Some of the Standards used in the world include- Bureau of Indian Standards (BIS) is a statutory body working under the administrative control of the Ministry of Consumer Affairs, Food and Public Distribution, Govt.Of India.

The USA currently uses the ASTM F2575-06 standard (Standard Guide for Quality Assurance in Translation), which sets out the basic principles for analysis of translation quality. These principles are used in drafting terms and conditions for work on specific projects and to facilitate better mutual understanding between the client and the provider of translation services.
In 1998, the German Institute for Standardization published the DIN 2345 standard, which sets out terms and conditions for agreements between clients and the translators.

Russia’s GOST R ISO 9001 Quality Management Systems lists the quality management requirements that should be used by companies themselves to certify their own product and when contracting with clients.

Quality assurance is essential in this standard. Quality management and quality control are key issues covering the whole process in order to produce translation projects to the customer’s satisfaction. It implies a close cooperation with clients (not standardization of them) in order to deliver a conforming service through quality project management. To ensure compliance with the standard, a quality manager should be appointed within the company for writing the procedures, monitoring internal statistics and evaluating the quality systems.
As to procedures, little is mentioned except for basic issues regarding request and offer (service type, client’s specifications, deadlines, cost estimate); preliminary source text analysis to assess the service provider’s documentary needs (terminology and background information) and subcontracting liabilities. Quality control is reduced to compliance with agreed specifications and service completeness and coherence. Other organization procedures make reference to project documentation for purposes of traceability and confidentially. Finally, issues concerning personnel include the basic qualifications required from translation service providers. Such requirements are, in fact, a checklist of required competences: translational, linguistic and textual, research and documentation, cultural and technical competence. There is no mention, though, to the way the required competences can or should be acquired. Further training lies within the translation service provider’s responsibility. Should the provider have employees for the provision of the service, he or she is to keep a record of each employee which may at least include personal details, working languages, professional experience, education and tasks assigned in a given project. Technical requirements are briefly mentioned as well, i.e. appropriate equipment for handling and storing of the project documentation, access to information resources, adequate hardware, software and communications equipment.

As to the features of the target text, a functionalist approach to translation is adopted. Again, the client has a good deal of responsibility as he/she should provide the function, purpose and intended audience of the target text, as well as any client’s specifications and appropriate reference material regarding special terminology requirements, such as particular language policies, use of controlled languages and house style guides, etc.

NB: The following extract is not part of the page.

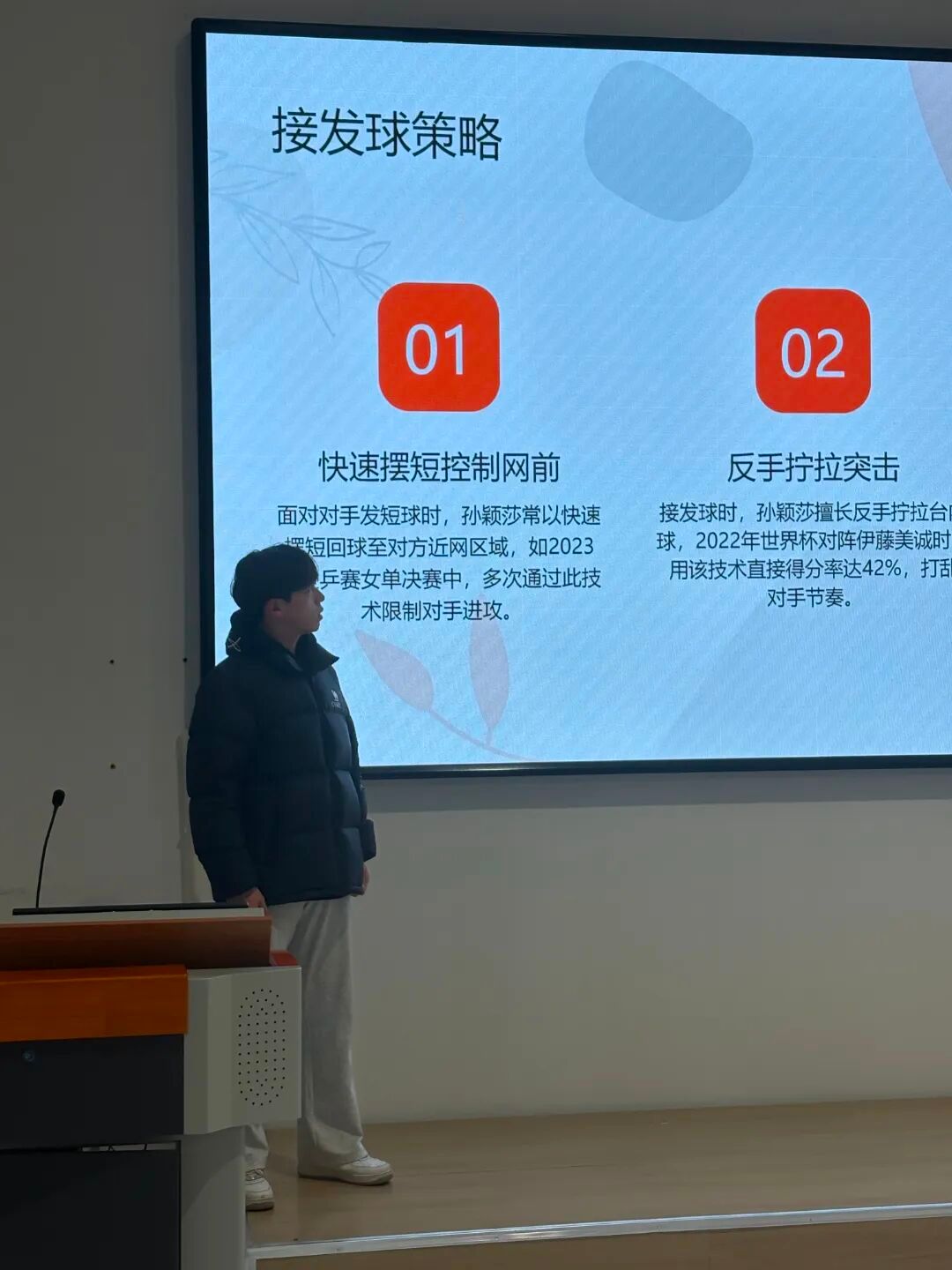 最让人印象深刻的,是我们坚持已久的课前演讲。从不照本宣科,而是巧妙地将自己的专业所长融入其中。从运动心理学谈情绪管理,以体育精神论责任担当,用生动的案例和幽默的表达,点燃同学们的思考热情。用语言传递力量,用故事诠释成长,让大家看到了体育生背后深厚的文化底蕴。

The formalization of the service contract is also dealt with under service requirements. It is a compulsory agreement on the actual commercial terms (fees, invoicing, payment, delivery) that also specifies the contents of a given project: client’s specifications, languages involved, translation purpose, technical details, human resources, working and delivery conditions, confidentiality clauses, and dispute settlement provisions. Guidelines on units of measure and criteria for determining fees are also provided. It is worth mentioning that the contract should ensure monitoring and controlling the delivery of the service by the supplier.
A detailed description of requirements on material, technical and human resources are further mentioned. Not only should the company have office premises, but also a meeting room and appropriate terminology resources. Only for translation services, companies should have in place computer tools and other appropriate equipment.